What is being asked: Could you output each line below precisely as it stands, without the images?

Collected material:
*****
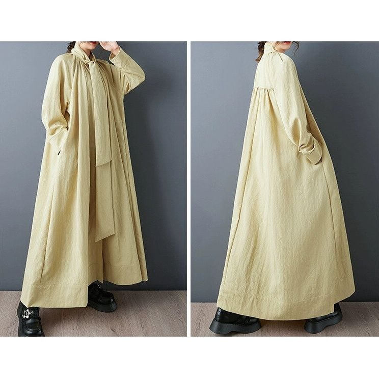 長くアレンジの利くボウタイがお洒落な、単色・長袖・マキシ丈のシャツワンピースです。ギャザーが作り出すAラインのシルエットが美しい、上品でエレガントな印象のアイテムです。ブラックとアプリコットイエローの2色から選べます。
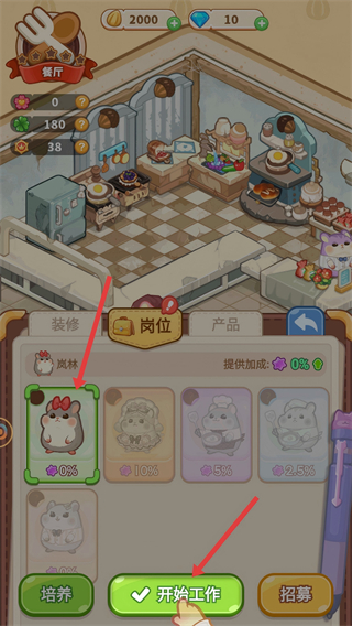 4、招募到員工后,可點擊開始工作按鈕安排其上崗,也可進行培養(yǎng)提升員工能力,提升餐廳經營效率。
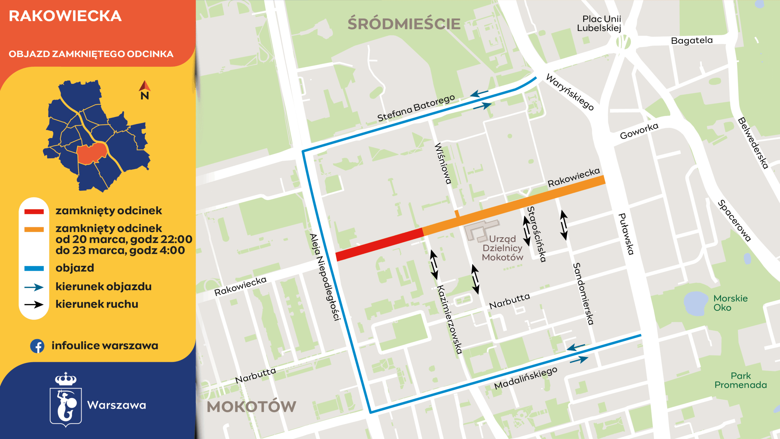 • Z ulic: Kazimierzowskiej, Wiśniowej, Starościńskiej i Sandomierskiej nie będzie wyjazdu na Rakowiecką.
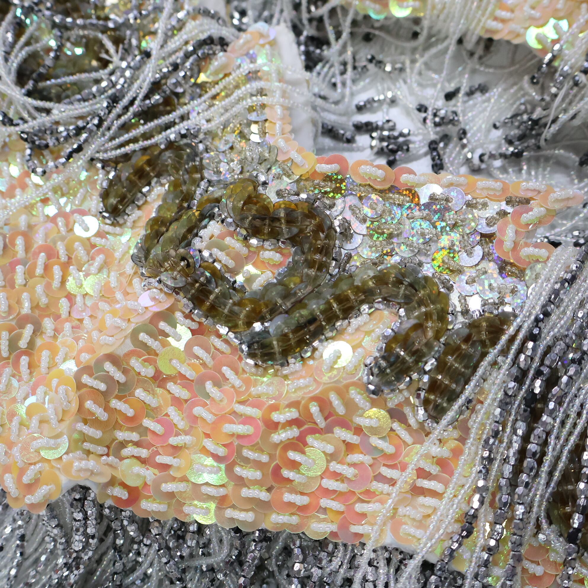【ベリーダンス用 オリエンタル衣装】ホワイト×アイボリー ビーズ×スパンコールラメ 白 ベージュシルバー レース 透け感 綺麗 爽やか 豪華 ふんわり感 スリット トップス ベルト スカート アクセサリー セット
*****
Solution to this problem:
 長くアレンジの利くボウタイがお洒落な、単色・長袖・マキシ丈のシャツワンピースです。ギャザーが作り出すAラインのシルエットが美しい、上品でエレガントな印象のアイテムです。ブラックとアプリコットイエローの2色から選べます。
 4、招募到員工后,可點擊開始工作按鈕安排其上崗,也可進行培養(yǎng)提升員工能力,提升餐廳經營效率。
 • Z ulic: Kazimierzowskiej, Wiśniowej, Starościńskiej i Sandomierskiej nie będzie wyjazdu na Rakowiecką.
【ベリーダンス用 オリエンタル衣装】ホワイト×アイボリー ビーズ×スパンコールラメ 白 ベージュシルバー レース 透け感 綺麗 爽やか 豪華 ふんわり感 スリット トップス ベルト スカート アクセサリー セット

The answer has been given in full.